While we three listened to Michael, a rather erratic young man approached our little group yelling and pointing straight at me, accusing me of something. I could not understand him and disgustedly he left us, only to reappear a little later.

Michael returned to his story with a most powerful message of gratefulness.  He virtually could not stop talking about his awe and wonder at having God in his life. Emphatically, he repeated that he was most humbled and grateful for life.

Moved by this man’s faith, Fabian gave him some money, even if we did not have food for him. Michael assured us it was enough to get a sandwich later. In turn, I was moved by my cohort’s action. In the end, all that matters is the encounters we have with one another and the love we show, no matter the circumstances.

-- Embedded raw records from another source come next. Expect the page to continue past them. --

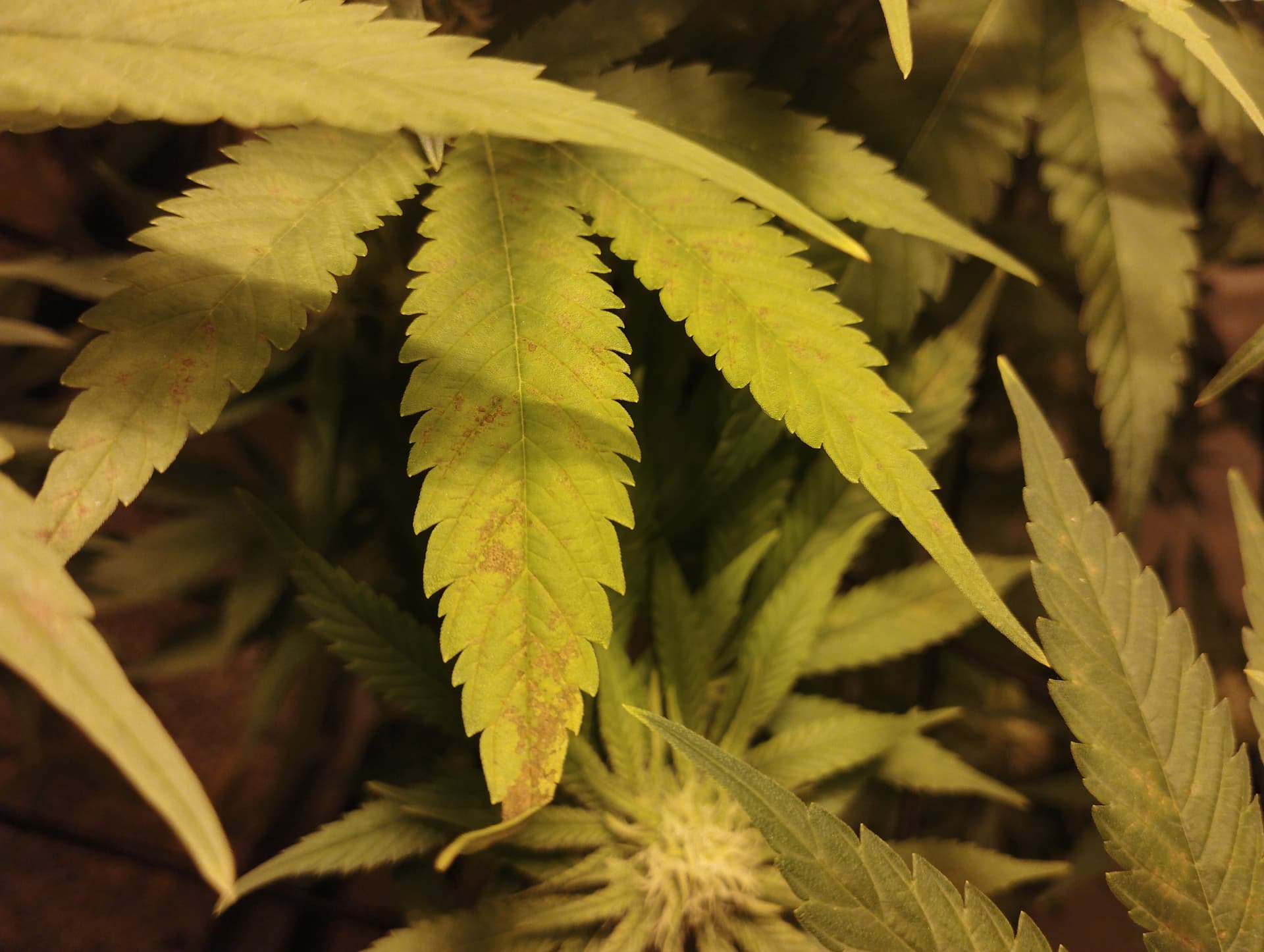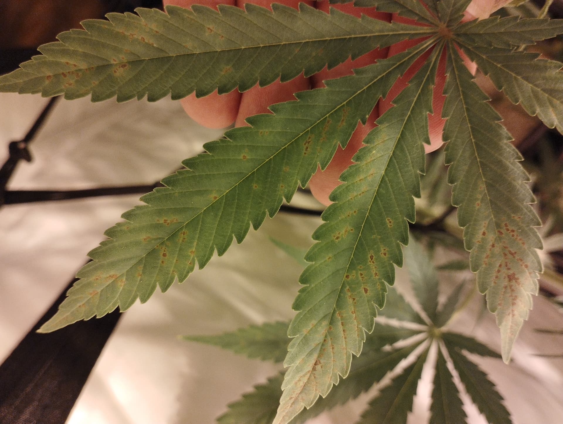 Wobei evtl. War mein erster Verdacht doch näher drann. Lichtstreß macht sich an den Blattadern ( so nenn ich sie) bemerkbar. Geb mal mehr dünger und warte die Reaktion ab.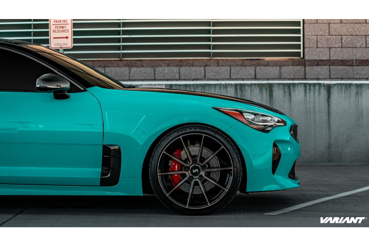 With more than 15 years of aftermarket and custom wheel experience, Variant Wheels’ mission is to provide the best service, quality products, and stylish designs at competitive prices. Variant Wheels specializes in manufacturing forged and flow-formed products using cutting-edge vertical technology. The brand also specializes in staggered fitments and boasts a wide range of available wheel widths for the look you want. Its passion doesn’t stop there, though. It is the foundation for the entire company and extends to Variant’s photography and marketing as well. That being said, Variant Wheels has just released new imagery showing off a Kia Stinger on Double Dark Tint Argon wheels.
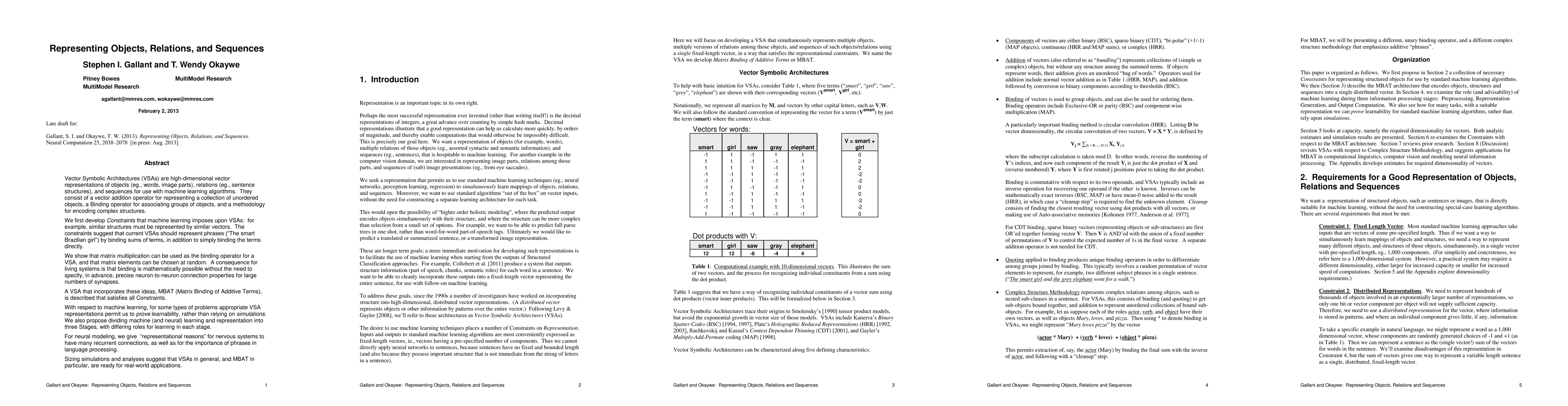 Vector Symbolic Architectures (VSAs) are high-dimensional vector representations of objects (eg., words, image parts), relations (eg., sentence structures), and sequences for use with machine learning algorithms. They consist of a vector addition operator for representing a collection of unordered objects, a Binding operator for associating groups of objects, and a methodology for encoding complex structures. We first develop Constraints that machine learning imposes upon VSAs: for example, similar structures must be represented by similar vectors. The constraints suggest that current VSAs should represent phrases ("The smart Brazilian girl") by binding sums of terms, in addition to simply binding the terms directly. We show that matrix multiplication can be used as the binding operator for a VSA, and that matrix elements can be chosen at random. A consequence for living systems is that binding is mathematically possible without the need to specify, in advance, precise neuron-to-neuron connection properties for large numbers of synapses. A VSA that incorporates these ideas, MBAT (Matrix Binding of Additive Terms), is described that satisfies all Constraints. With respect to machine learning, for some types of problems appropriate VSA representations permit us to prove learnability, rather than relying on simulations. We also propose dividing machine (and neural) learning and representation into three Stages, with differing roles for learning in each stage. For neural modeling, we give "representational reasons" for nervous systems to have many recurrent connections, as well as for the importance of phrases in language processing. Sizing simulations and analyses suggest that VSAs in general, and MBAT in particular, are ready for real-world applications.

Michael did not ask about us, but if he had, we would have explained that we were part of a group of ten from the College of Saint Benedict and Saint John’s University in Minnesota on spring break in Philly. We chose to go to the fifth largest city (approximately 1.5 million people) in the United States, which is known for its many and growing number of homeless people.

Mary Jane Berger, OSB

Tuesday, June 16, 2015

Jubilarians and World Peace

I recently attended the Jubilee celebration of Benedictines celebrating their 60th anniversary of monastic profession. There was a palpable peacefulness present as I interacted with them. Later I read this commentary by Richard Rohr that clearly expressed what I sensed in their presence.
“In the second half of life, we do not have strong and final opinions about everything, every event, or most people, as much as we allow things and people to delight us, sadden us, and truly influence us. We no longer need to change or adjust other people to be happy ourselves. Ironically we are more than ever before in a position to change people—but we do not need to—and that makes all the difference.
We have moved from doing to being to an utterly new kind of doing that flows almost organically, quietly, and by osmosis. Our actions are less compulsive. We do what we are called to do, and then try to let go of the consequences. We usually cannot do that very well when we are young.
Now we aid and influence people simply by being who we are. Human integrity probably influences and moves people from potency to action more than anything else. An elder’s deep and studied passion carries so much more power than superficial and loudly stated principles. Our peace is needed more than our anger.”  Adapted from Falling Upward: A Spirituality for the Two Halves of Life.
Thank you, Jubilarians, for adding your peacefulness to the balance of peace we have in this world of ours. 
Photograph by Karen Streveler, OSB, shows our 60th jubilarians. Left to right: Sisters Marie Gerads, Rita Kunkel, Miriam Ardolf, Clare Witzman, Telan Hu, Stephanie Mongeon, Bernard Heit and Lydia Erkens
Note: A Youtube video is available of Fr Richard Rohr presenting the content of Falling Upward.